As he continued to do photography, Dr. Schatz explored a number of different techniques and topics. "I became interested in dance, underwater photography, sports, movement and light," he said.

Caught in the Act

Dr. Schatz's newest book, Caught in the Act: Actors Acting, was released in late October and is his 20th book. The book includes photographs and in-depth interviews of 85 professional actors, including Colin Firth, Michael Douglas, John Malkovich, Pierce Brosnan, Jeff Daniels, Laurence Fishburne, Sissy Spacek, Robin Wright, Sam Waterston, David Strathairn, David Schwimmer, Geoffrey Rush, Amy Poehler, Jane Lynch, and others.

"Caught in the Act is a book that has tremendously interested me," Dr. Schatz said. "It's about creativity and imagination." He said the book is about how a great actor can use his body and words on a page to become someone else entirely. Each actor was given directions, scenarios and dialogue to improvisationally and spontaneously "act." Images were made of each "character." The book project, with 625 photographs, took around six years to complete, and parts of it appeared in Vanity Fair every month for six years.

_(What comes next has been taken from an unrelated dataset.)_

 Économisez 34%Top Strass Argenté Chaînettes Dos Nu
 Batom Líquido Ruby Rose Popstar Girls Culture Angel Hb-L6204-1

It was a wonderful experience, Dr. Schatz said, that studied creativity and imagination. The portraits were about veracity, rather than vanity.

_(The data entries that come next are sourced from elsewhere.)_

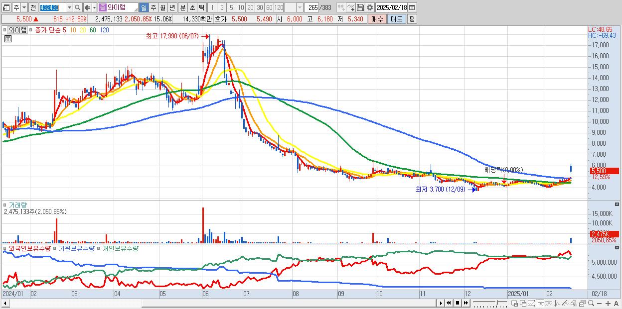 - 와이랩 (5,500원 ▲ 12.59% , 시총: 904억, 거래량: 2,475,133, 거래대금:143억)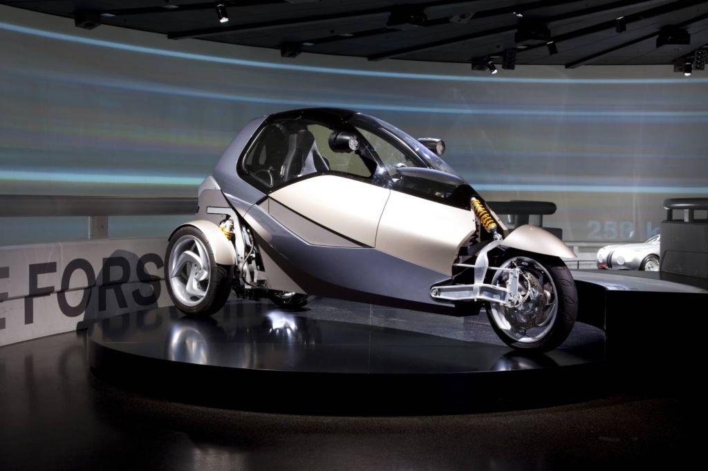 On a par with eco-friendliness and energy efficiency, a high level of passive safety was among the principal requirements in the brief. As in a Formula One racing car, the main frame – weighing just over 60 kg – constitutes the survival cell, while the front wheel and steering ensure a deformation path of some 35 centimetres to absorb sufficient energy in an impact. Thanks to special seat belts and a specially developed driver airbag, the research vehicle complied with the Euro NCAP crash test requirements for small cars at the time: even in a frontal collision at 56 km/h, the three-wheeled prototype offered a secure survival cell.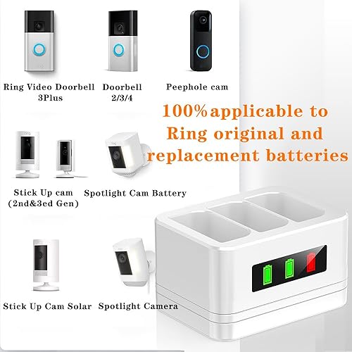 3-Slot Ring Battery Charging Station/Battery Charger/Charging case,with LED Display, Type-C Input,Compatible with Ring Doorbell 2/3/4/3 Plus/Spotlight Cam/Peephole Cam and Cameras Battery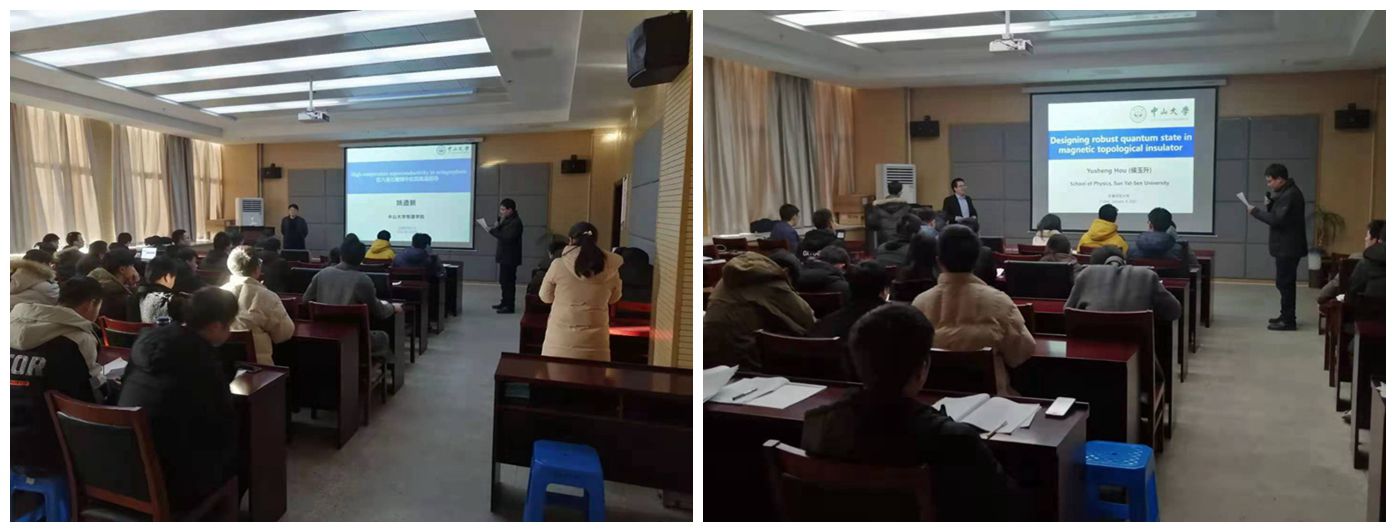 在本次报告会上,首先姚道新老师介绍了二维八角正方晶体结构在半填充情况下具有空穴口袋和电子口袋的完美嵌套,并提出在八角石墨烯的单层,多层和块材结构中都能实现高温超导电性。随后侯玉升老师介绍了什么是磁性拓扑绝缘体,以及它能够实现各种奇异的量子态的功能,详细介绍了通过合理组装新兴二维范德瓦尔斯磁性体系和三维拓扑绝缘体异质结来设计较高温度的量子反常霍尔效应和简单易行的轴子绝缘体相的理论方案。报告会结束后,与会的各位老师和同学就自己关心的问题与姚道新老师和侯玉升老师展开了热烈讨论和详细交流。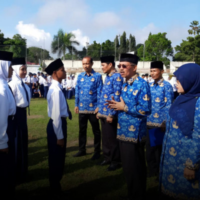 Dibanding kemaren, hari ini kegiatan di UPT SMPN 2 Batusangkar terlihat lebih sibuk. Sejak pagi guru sudah berbagi tugas pembelajaran,
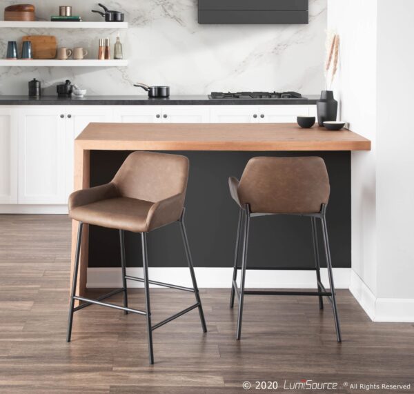Add stylish and comfortable seating to your kitchen or counter area with the industrial charm of the Daniella Counter Stool by LumiSource. Featuring a sleek faux leather upholstery, padded seat, and backrest and a unique black metal frame. The Daniella is available in a variety of upholstery colors.
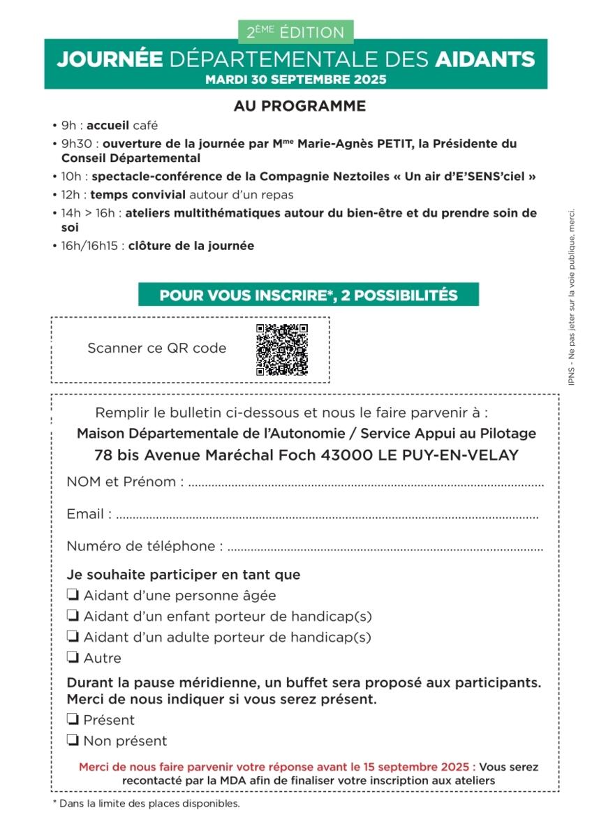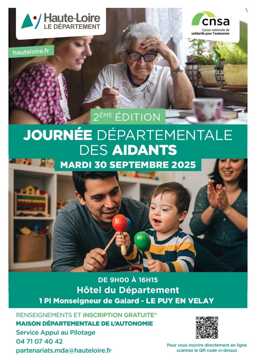 Le Département de la Haute-Loire vous convie à la 2ème édition de la Journée Départementale des Aidants, un événement essentiel dédié à la reconnaissance et au soutien des aidants auprès des personnes âgées ou des personnes en situation de handicap (enfant ou adulte) de notre département.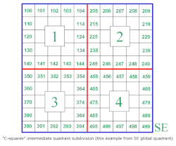 10-degree c-squares are specified as being identical to equivalent World Meteteorological Organization (WMO) square codes, refer illustration at right. These squares are aligned with 10-degree subdivisions of the global latitude–longitude grid, which for c-squares use is specified as employing the WGS84 datum. WMO (10 degree) squares are encoded with four digits, in the series 1xxx, 3xxx, 5xxx and 7xxx.[12] The leading digit indicates the "global quadrant" with 1 for north-east (latitude and longitude are both positive), 3 for south-east (latitude is negative and longitude positive), 5 for south-west (latitude and longitude are both negative) and 7 for north-west (latitude is positive and longitude negative). The next digit, 0 through 8, corresponds to the tens of latitude degrees either north or south; while the remaining 2 digits, 00 through 17, correspond to the tens of longitude degrees either east or west (by specification, 0 is treated as positive). Thus the 10 degree cell with its lower left corner at 0,0 (latitude,longitude) is encoded 1000, and acts as a bin to contain all spatial data between 0 and 10 degrees north (actually, 0 and 9.999...) and 0 and 9.999... degrees east; the 10 degree cell with its lower left corner at 80 N, 170 E is encoded 1817, and acts as a bin to contain all spatial data between 80 and 90 degrees north and 170 and 179.999... degrees east.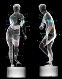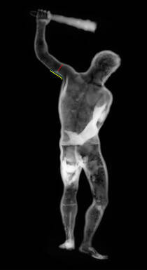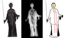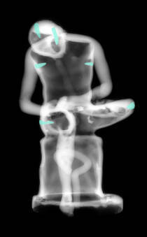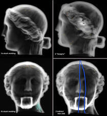 Radiography may be the only way of detecting the aforementioned features if the internal walls of the bronze are not visible. This is particularly the case for the small spherical globules testifying to the use of a plaster core or ceramic shell. And because of their location on the interior, wax-to-wax joints are generally hard to see and often detectable only by these means. They usually generate a thickening and/or thinning of the metal around the circumference of a body part that has been attached, for example below the shoulders, at the top of the thighs, or at the neck. They may appear on the radiograph as: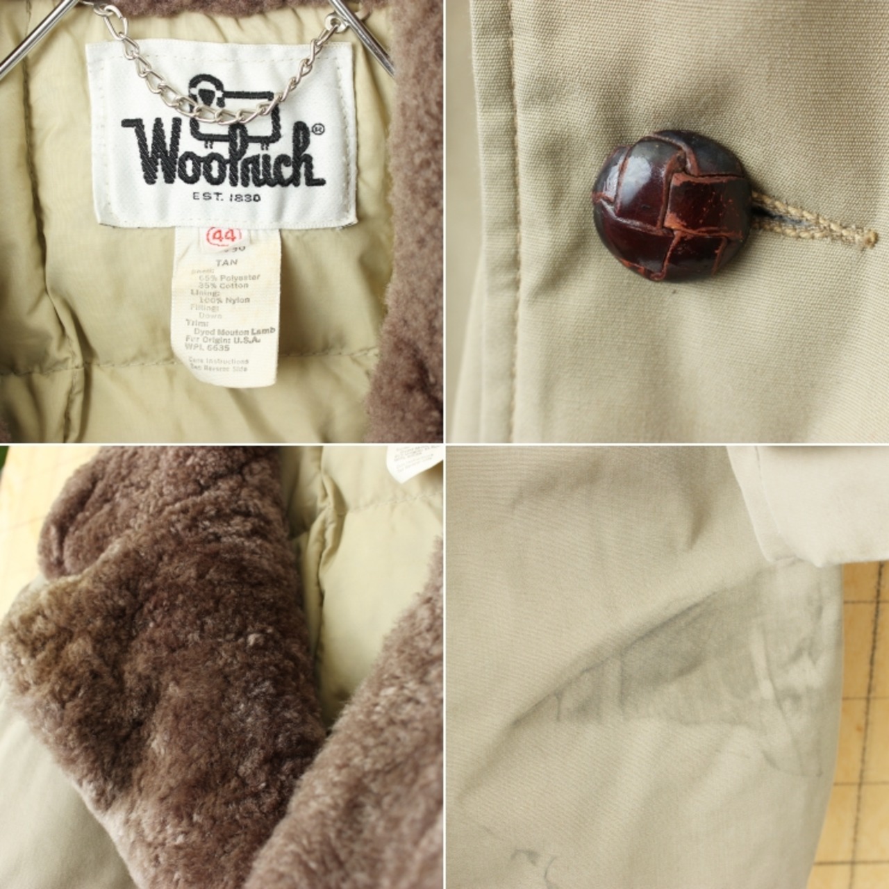 70s 80s USA製 Woolrich ウールリッチ ムートンボア ダウンコート ベージュ メンズXL相当 アメリカ古着です。

Currently, he is working on a 25-year retrospective of all of his work, more than 35 different projects. It will be a two-book boxed set of 800 pages and images and will be published in a limited edition of 500 copies next year.

How ophthalmology and photography relate

Despite two very different professions, Dr. Schatz said that medicine and photography have certain similarities and glaring differences. "My education and training from my premedical education in college to medicine has prepared me well in this world of photography," he said. Studying medicine helped with an understanding of scientific methodology, the physics of light and lenses, as well as how to relate warmly and readily to strangers. "My training in medicine and education has helped me tremendously as a photographer," Dr. Schatz said. "I feel like I came from medicine to photography with great strengths."

"On the other hand, there are huge differences between practicing medicine and doing photography. In medicine, there are no mistakes. It's about making the correct diagnosis, prescribing the correct treatment, and doing any surgery with absolute perfection. For ophthalmologists, the risk of error could mean the loss of an eye. My work as a photographer is a lot about mistakes and trying all sorts of things. The only risk is a photograph that doesn't work. It has informed my whole way of being and living my life."